Questa non è solo una storia sul turismo.

È un avvertimento.

Lo scorso weekend del Primo Maggio, un villaggio italiano da cartolina — Sirmione, adagiato sulle scintillanti rive del Lago di Garda — è stato completamente sommerso da una valanga di turisti. Non centinaia. Non migliaia.
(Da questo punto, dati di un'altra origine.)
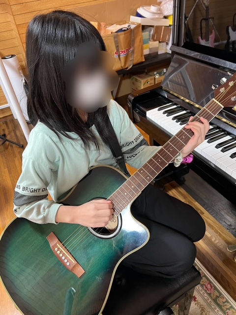 アイロンビーズを午後まで作ったSちゃん。残りの時間はミュージックタイム。今日は音楽室もひとり占め!。中学生のお姉さんたちから影響を受けたのか、ギターを練習中です。ギターそのものがちょっと大きいけれどがんばってます。そもそも音楽大好きSちゃん、今日はスタッフの伴奏で歌も披露してくれました♫。曲は『Believe』。素敵な声を聴かせてくれました。この曲はこの前、Hちゃんがピアノ練習をしていました。2人のコラボも楽しみです。
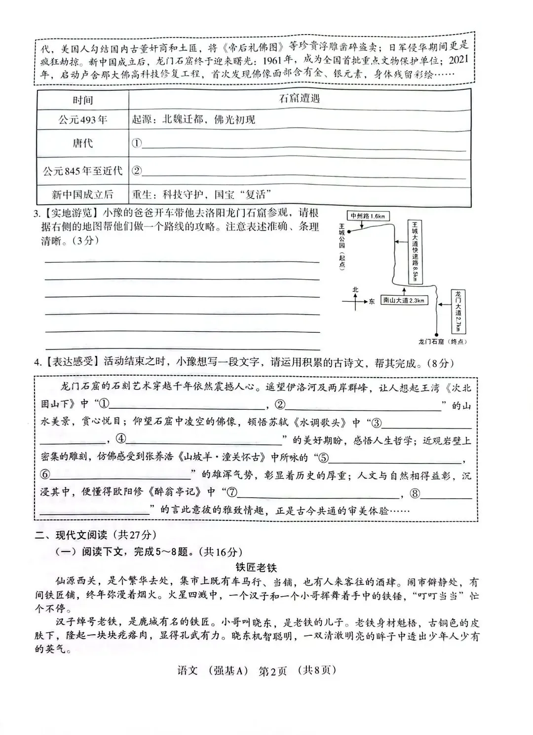 基础板块:聚焦龙门石窟相关的字音、字形、病句、古诗文默写,基础考点扎实,还融入表格填空、文案撰写等实用题型,兼顾基础与应用。

Settantacinquemila persone.

In una città con solo 8.000 residenti.

I video che invadono i social media non mostrano persone che esplorano gioiosamente rovine o gustano spritz sul lago. Mostrano caos. Un villaggio medievale trasformato in una pentola a pressione di corpi, strade bloccate, autobus fermi e tempi di attesa che superano i 40 minuti solo per entrare in città.

Gli abitanti lo hanno definito “una crisi.”

E si può sentire la loro frustrazione in ogni clip.

"Sembrava la corsa dei tori. Ma con infradito e selfie stick."

Sirmione non è solo un’altra meta balneare. Questa città è leggendaria. Con rovine romane, sorgenti termali naturali e lo splendido Castello Scaligero del XIII secolo — una fortezza che sembra uscita da un romanzo fantasy — è facile capire perché attira milioni di sguardi.

Ma ecco il punto: il fascino ha un limite.

Soprattutto quando decine di migliaia di persone si riversano in strette vie acciottolate, progettate secoli fa per gli asini — non per autobus a due piani pieni di turisti di TikTok.

Il lato oscuro dei “Travel Goals”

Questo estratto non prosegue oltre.